Он спасал там, где ошибались технологи, военные и политики. И даже в саму политику его командировали спасать. В 99-м у демократических сил страны не осталось уже ни сил, ни авторитета противостоять коммунистическому реваншу. Политтехнологи выдохлись и растратились. Электорат устал и заскучал. И тогда позвали Шойгу. Поставили задачу. Попросили спасать. Образ трех богатырей под флагом Единства (Гуров, Карелин, Шойгу) запомнился ненадолго потому, что паровозом все равно оставался он. И в его тени мог затеряться и не такой великан, как Карелин.

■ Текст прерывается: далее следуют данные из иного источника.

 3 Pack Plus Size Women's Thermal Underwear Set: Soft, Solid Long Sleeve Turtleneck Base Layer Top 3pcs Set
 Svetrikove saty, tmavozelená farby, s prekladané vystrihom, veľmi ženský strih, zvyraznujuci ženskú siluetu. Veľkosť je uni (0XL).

Мы тогда облетели почти всю Россию, завершив бесконечный предвыборный тур в Чечне, и я с удивлением наблюдал за Сергеем Шойгу в этом необычном для него качестве. Он даже в политическом болоте не терял мужского достоинства. Яркий тому пример – ситуация с Лужковым. Предвыборный марафон достиг экватора, аналитики сыпали тревожными прогнозами, и тогда некий руководящий политтехнолог дал рекомендацию Шойгу "наехать на Лужка по полной программе". Фактурку подвезли, телеканалы были готовы… Но Шойгу со свойственной ему прямотой политтехнологов послал. А нам сказал интеллигентней: "Не хочу, чтобы после выборов мне было стыдно подать руку соперникам". Он и в политике оставался спасателем.

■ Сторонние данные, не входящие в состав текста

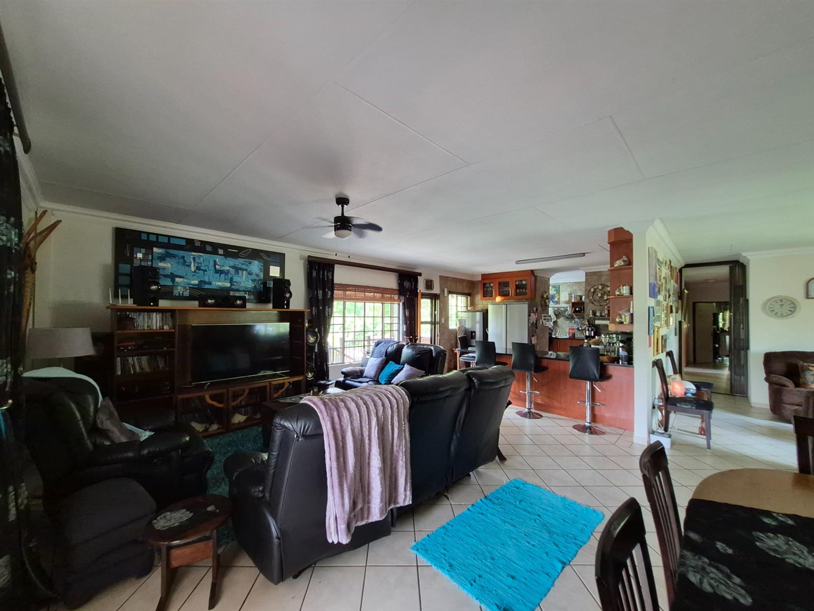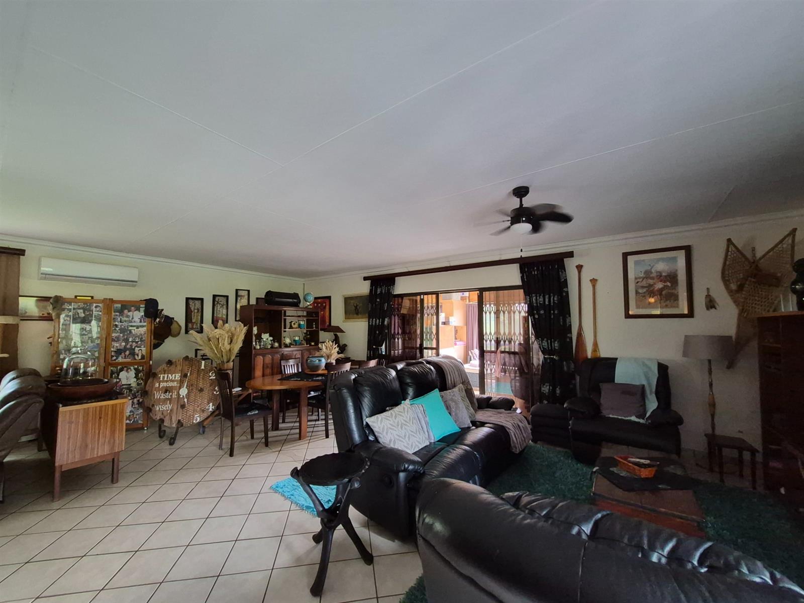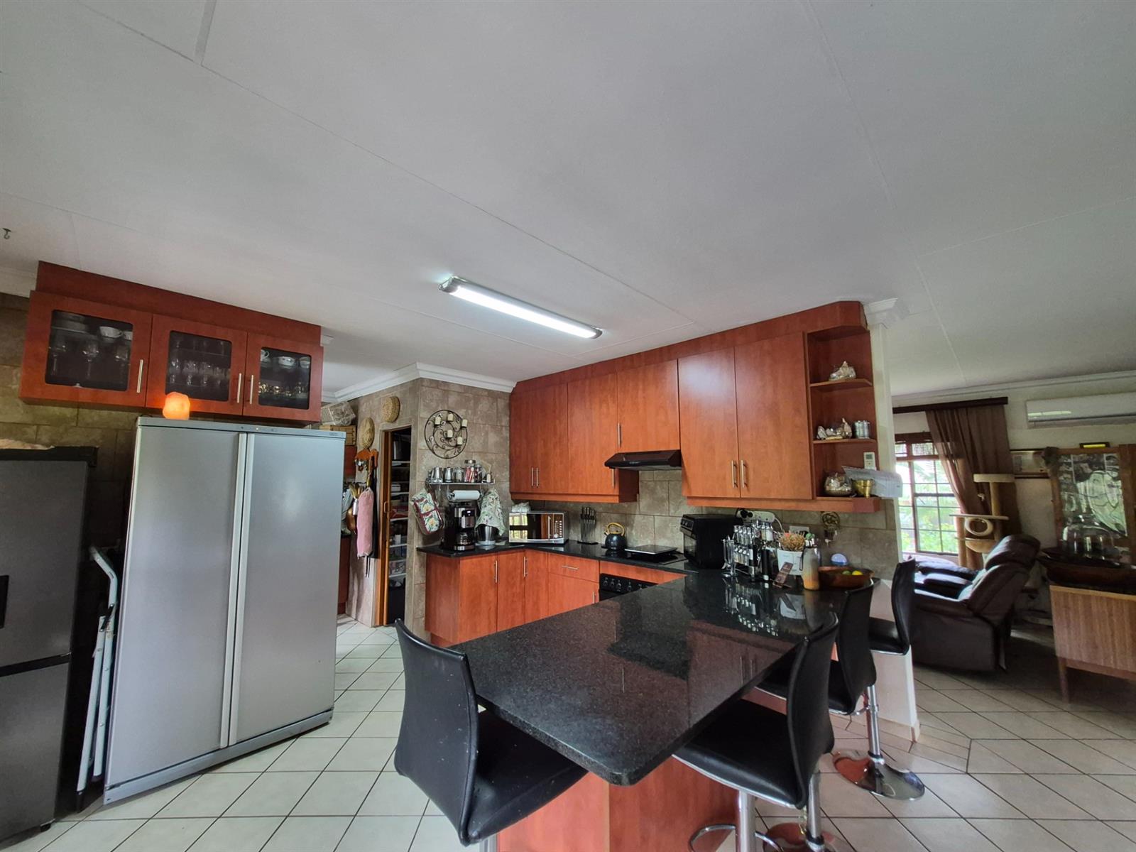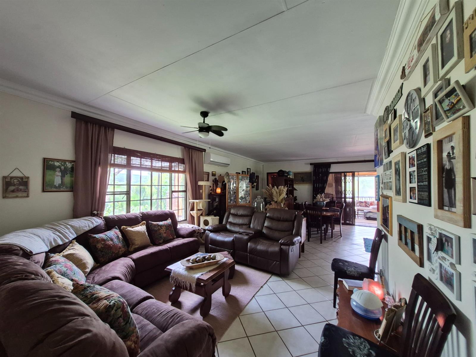 The living and dining areas are spacious and versatile, perfectly suited to both relaxed family living and effortless entertaining. From here, aluminium sliding doors open onto a covered entertainment stoep and balconies on either side, giving you a choice of settings – from lively braais to quiet moments overlooking the garden and pool.

15 лет для министра, да и для любого крупного менеджера – срок запредельно критичный. Для Сергея Шойгу это и не годы. Секунды, пролетевшие как миг. Громадье реализованных планов. И множество идей, на которые неистощим. Он все время в движении, в полете, в деле… Ему хочется создать уже планетарный корпус спасателей с базами по всему миру, с мобильными отрядами, готовыми в любую минуту взлететь и примчаться на помощь даже в самую забытую Богом точку земли. Он, как, наверное, никто другой, – абсолютно на своем месте, и пока он на этом месте – всем другим как-то спокойней. Все понимают, если что – прилетит и спасет. Не спрашивая про цвет кожи и партбилет.
Писать о Шойгу и легко и сложно. Легко, потому что ярок, потому что биография – на сотню романов. Тяжело – потому ярок. И потому что свой. Вот и получаются субъективными строки, которые не могут быть не субъективными после того количества чеэсной пыли и пороховой гари, которую нам вместе приходилось глотать в разных концах и России и мира в зонах человеческой беды.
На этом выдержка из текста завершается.